## Records provided
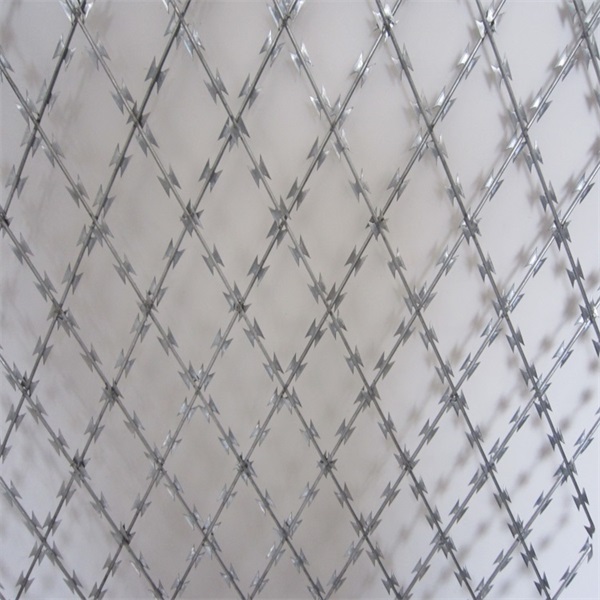 直線型刀片刺網由銳利尖角鍍鋅鋼板或不銹鋼薄板做刀片,高張力鋼絲做芯線組合而成的阻絕器材,把刀片刺絲焊接成菱形孔或者方形孔的刀片刺網,網狀的刀片刺網刀片鋒利,手不能握,腳不能攀登,堅決阻止人逾越的防護墻,具有很強的恐嚇和阻止效果,既美觀又實際效果顯著 。由于刺網造形獨特不易觸摸,因而能達到極好的防護隔離效果。
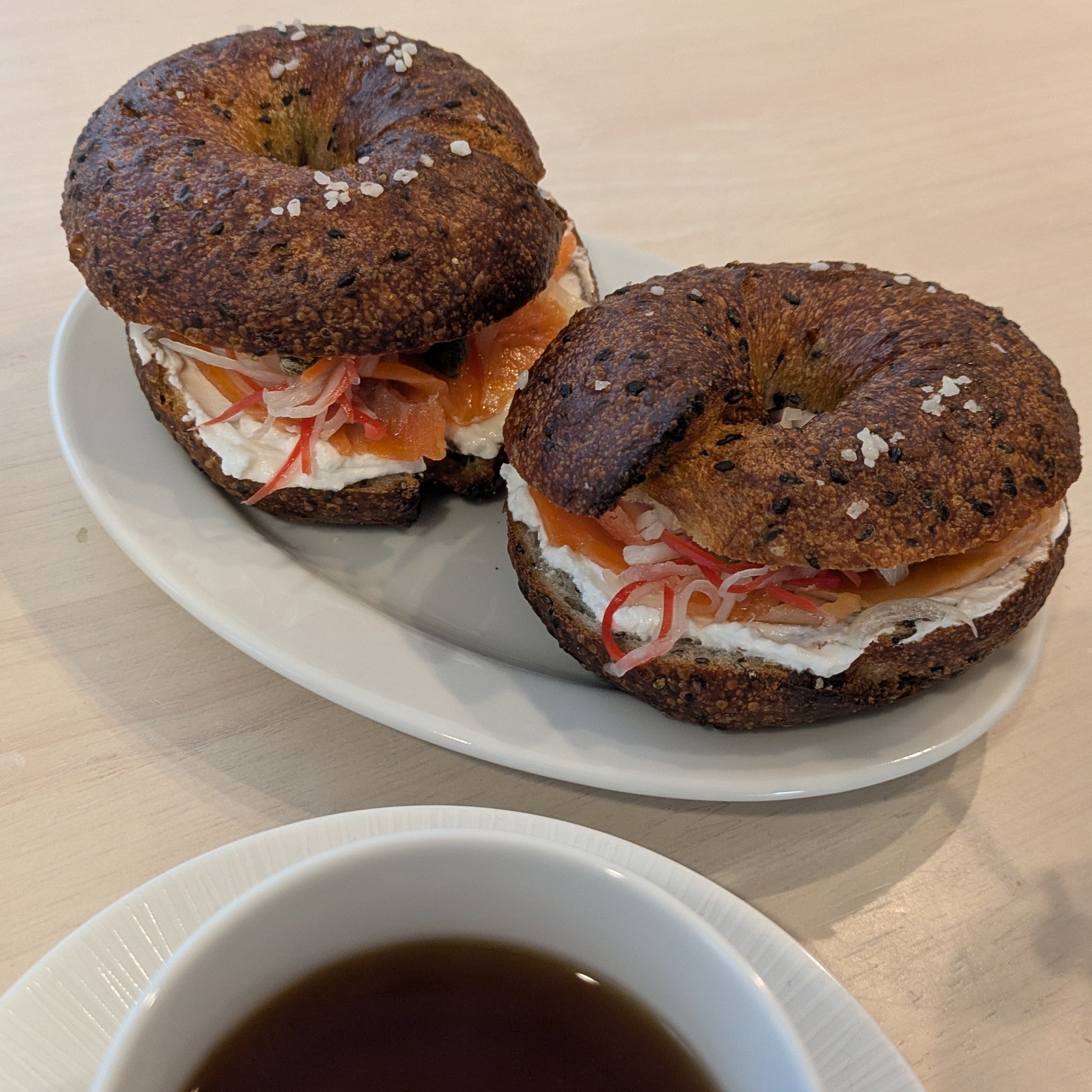 - ベーグル(今回はCHIHARUちゃんが以前オススメしてくれてた『シティベーカリーのごま塩ベーグル』にしてみました!)
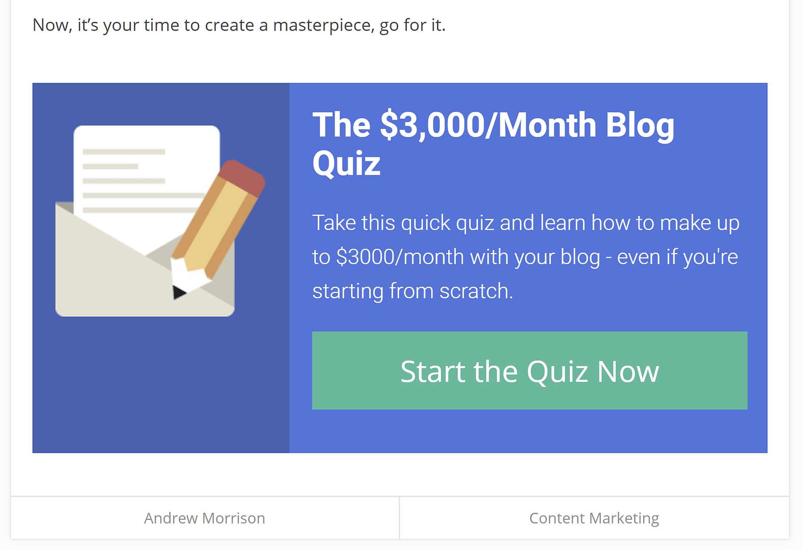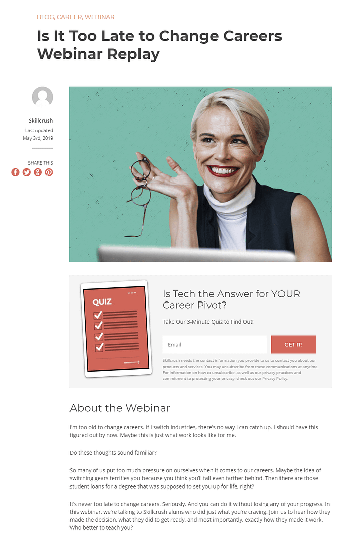 They also use post footers, sidebar CTA’s and a lightbox to drive visitors to the quiz.
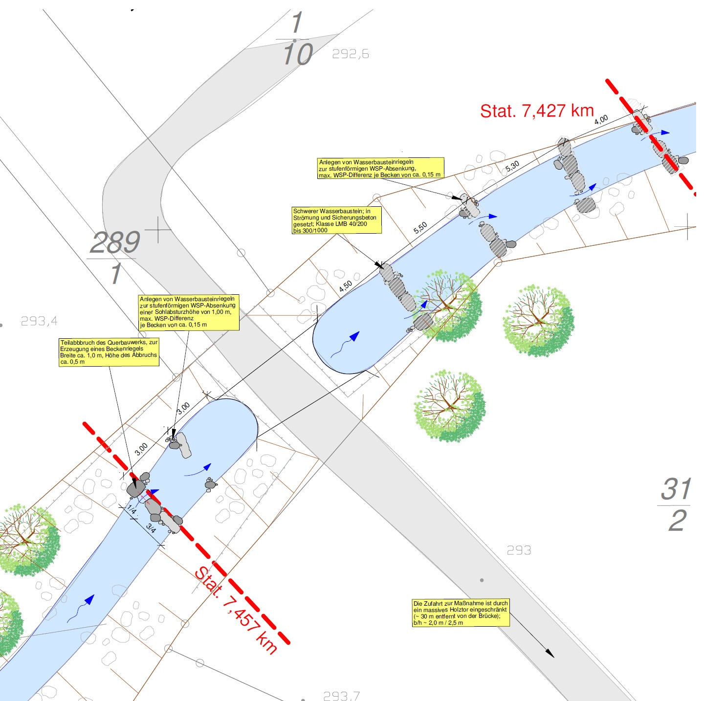 In den Abschnitt 8 – 11 sollen vorhanden Querungsbauwerke (Sohlabstürze) zur Herstellung der Durchgängigkeit des Gewässers umgestaltet werden.
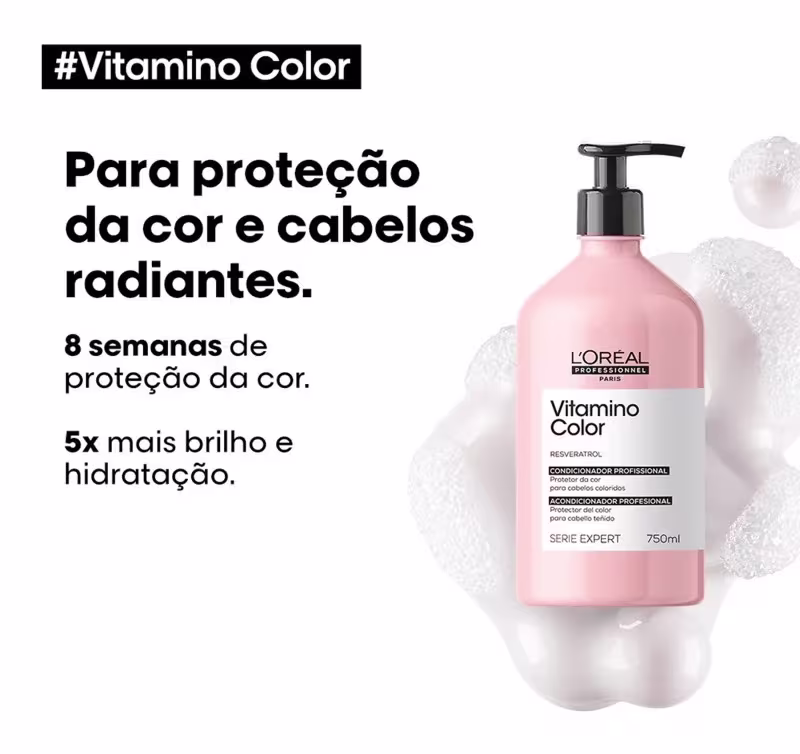 O Condicionador Vitamino Color foi desenvolvido especialmente para esse tipo de cabelo! Ele promove a com proteção até das cores mais sensíveis, hidratação e luminosidade para os fios. Para a proteção da cor e cabelos radiantes. Seu principal ingrediente, o Resveratrol, é um poderoso antioxidante presente na casca e nas sementes das uvas, que tem a função de preservar a cor dos cabelos. O resultado após o uso é um cabelo 8 semanas de proteção da cor e 7x mais brilho. Tecnologia: RESVERATROL: Tecnologia rica em polifenóis. Poderoso antioxidante presente na casca e nas sementes das uvas, que tem a função de preservar a cor dos cabelos. MODO DE USO

## What to produce
Please reproduce the entries above line by line, exactly, leaving out each image.

## Task solution
 直線型刀片刺網由銳利尖角鍍鋅鋼板或不銹鋼薄板做刀片,高張力鋼絲做芯線組合而成的阻絕器材,把刀片刺絲焊接成菱形孔或者方形孔的刀片刺網,網狀的刀片刺網刀片鋒利,手不能握,腳不能攀登,堅決阻止人逾越的防護墻,具有很強的恐嚇和阻止效果,既美觀又實際效果顯著 。由于刺網造形獨特不易觸摸,因而能達到極好的防護隔離效果。
 - ベーグル(今回はCHIHARUちゃんが以前オススメしてくれてた『シティベーカリーのごま塩ベーグル』にしてみました!)
 They also use post footers, sidebar CTA’s and a lightbox to drive visitors to the quiz.
 In den Abschnitt 8 – 11 sollen vorhanden Querungsbauwerke (Sohlabstürze) zur Herstellung der Durchgängigkeit des Gewässers umgestaltet werden.
 O Condicionador Vitamino Color foi desenvolvido especialmente para esse tipo de cabelo! Ele promove a com proteção até das cores mais sensíveis, hidratação e luminosidade para os fios. Para a proteção da cor e cabelos radiantes. Seu principal ingrediente, o Resveratrol, é um poderoso antioxidante presente na casca e nas sementes das uvas, que tem a função de preservar a cor dos cabelos. O resultado após o uso é um cabelo 8 semanas de proteção da cor e 7x mais brilho. Tecnologia: RESVERATROL: Tecnologia rica em polifenóis. Poderoso antioxidante presente na casca e nas sementes das uvas, que tem a função de preservar a cor dos cabelos. MODO DE USO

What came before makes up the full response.